# [SOLVED] Windows update stuck at 0%



## Alejandro_2509 (Jul 16, 2009)

Hello there, it has been a long time since I posted something on this forum. Since Sunday night I have been unable to update my windows 8 installation.

First I did an upgrade from windows 7 preserving all the files and settings and when I wanted to update the PC so I could download the 8.1 update I noticed two things: Windows uptade stood at 0% for hours before I cancelled it. 

Every new attempt brought me the same result. I then decided to do a web search about this issue and followed all the instructions I could find to no avail. I triedt reseting the service, donwloading a microsoft troubleshoot thing, creating a .bat file, using the DISM commands. 

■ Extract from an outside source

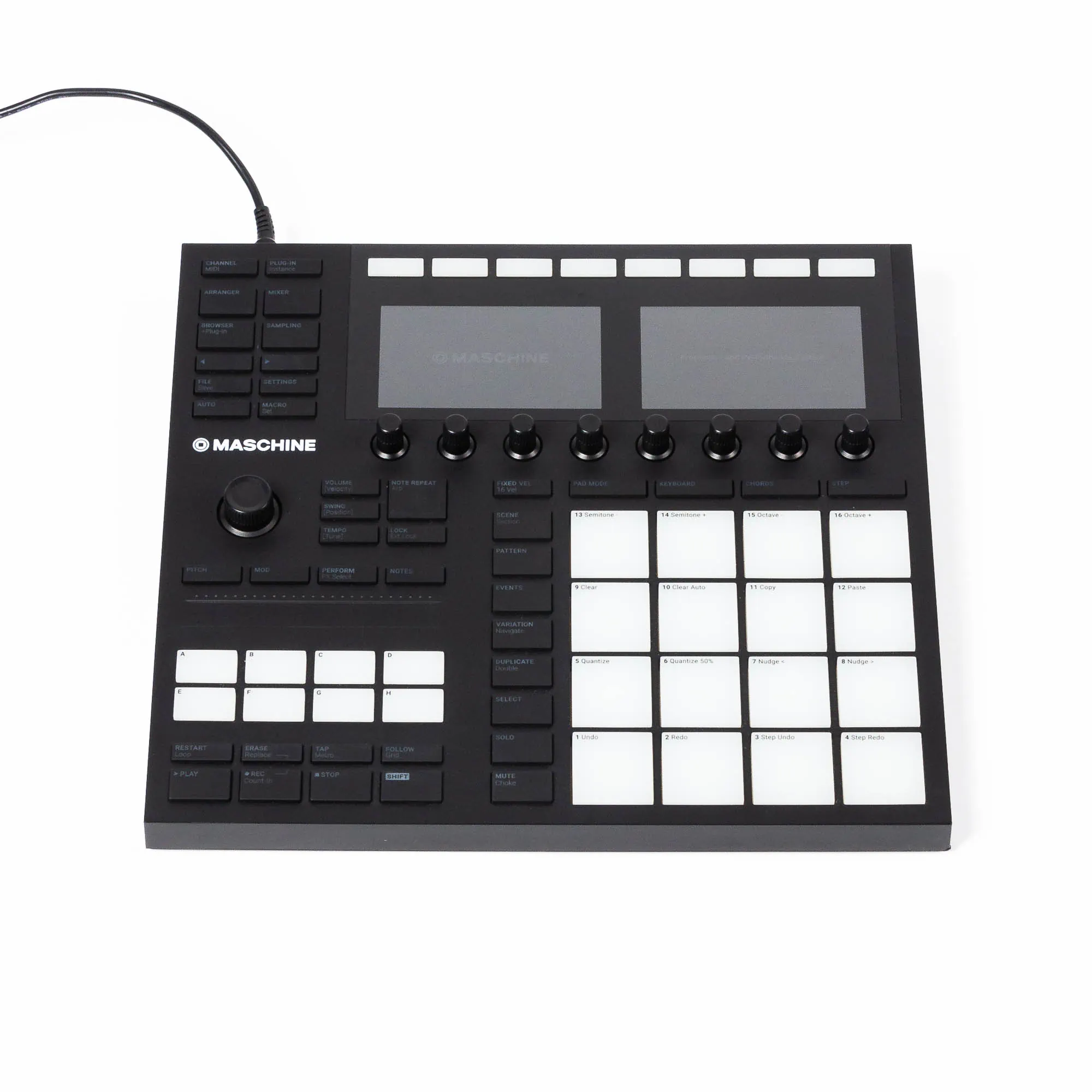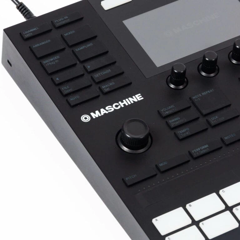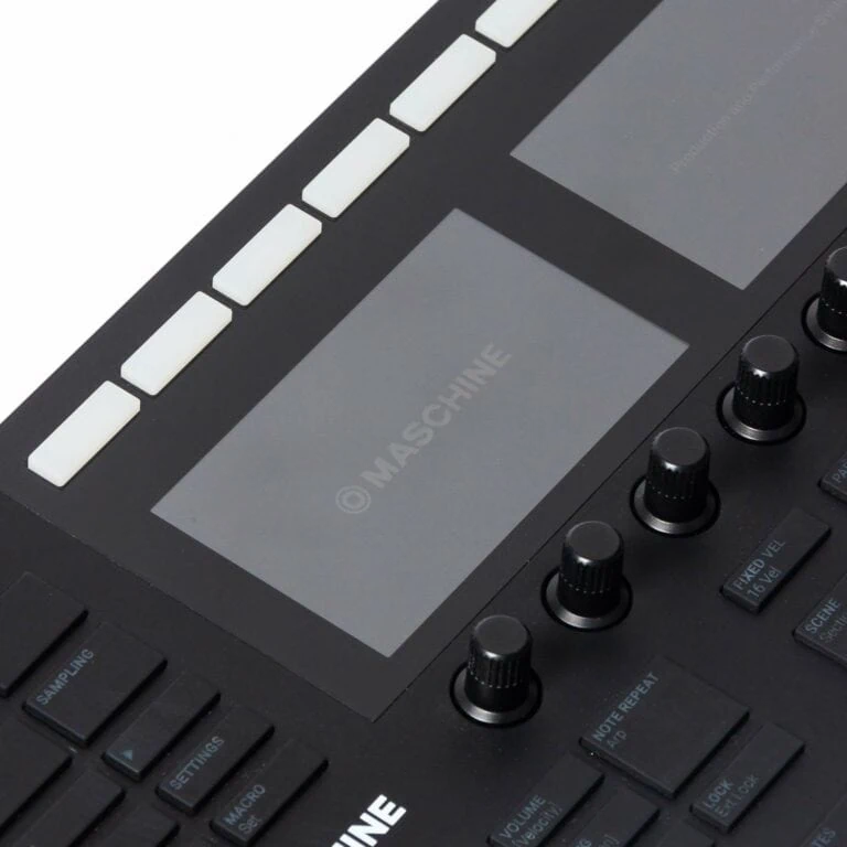 Die Native Instruments Maschine MK3 ist eine Groovebox, die als Hardware/Software-System für Musikproduktionen, das Programmieren von Beats oder Live-Perfomances verwendet werden kann. Sie bringt 16 anschlagdynamische Pads, einige Buttons, acht Drehregler und vereint diese in einem intuitiven Layout. Die Native Instruments Maschine MK3 ist im Gegensatz zu ihrer Vorgängerin mit zwei hochauflösende Farbdisplays ausgestattet. Darüberhinaus verbirgt sich ein Audio-Interface in der Groovebox, das mit je zwei Audio-Ein- und -Ausgängen, sowie einem regelbaren Mikrofon-Input ausgestattet ist.
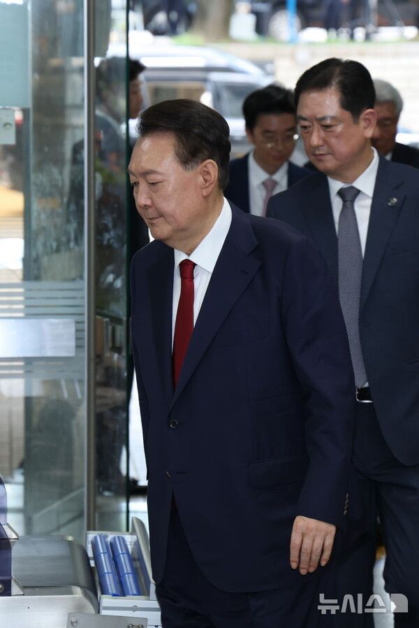 뉴시스 보도에 따르면, 윤석열 전 대통령이 9일 구속영장실질심사를 받기 위해 법원에 출석했다.

I even let the windows update thing to download for an entire day and still nothing. Yesterday I did a clean reinstall of the OS and as soon as the PC booted and I made my account, I went to windows update and it still hangs at 0%. I have tried all the mentioned fix with no results either. It has been 5 days of this nonsense....


----------



## Corday (Mar 3, 2010)

*Re: Windows update stuck at 0%*

Where did you get the disc or download? Was the original OEM or Retail? Is the 8.1 OEM or retail?


----------



## Alejandro_2509 (Jul 16, 2009)

*Re: Windows update stuck at 0%*

I got it through the microsoft Dreamspark program as an ISO image of windows 8. I can see the windows 8.1 uptade at the windows store but when I click on it to install, nothing happens.


----------



## Corday (Mar 3, 2010)

*Re: Windows update stuck at 0%*

Are you or your school registered with Dreamspark?


----------



## Alejandro_2509 (Jul 16, 2009)

*Re: Windows update stuck at 0%*

My school is registered for all the IT related careers.


----------



## Corday (Mar 3, 2010)

*Re: Windows update stuck at 0%*

MS offers this service to students/faculty: https://www.dreamspark.com/Student/Support.aspx


----------



## Alejandro_2509 (Jul 16, 2009)

*Re: Windows update stuck at 0%*

My college is enrolled Dreamspark for academic institutions and has the premium subscription with that, I am able to download Windows from XP up to 8 as ISO images and I am provided with a serial key for each 64 and 32 bit versions. I downloaded the windows 8 ISO 64 bits and (it is like an online store when you buy it but the price is 0, it only gives you one serial key which I used on my PC).


----------



## Corday (Mar 3, 2010)

*Re: Windows update stuck at 0%*

That's why I suggested getting the Dreamweaver help in Post #6. You're entitled to it.


----------



## Alejandro_2509 (Jul 16, 2009)

*Re: Windows update stuck at 0%*

I just submited an email through the dreamspark support.


----------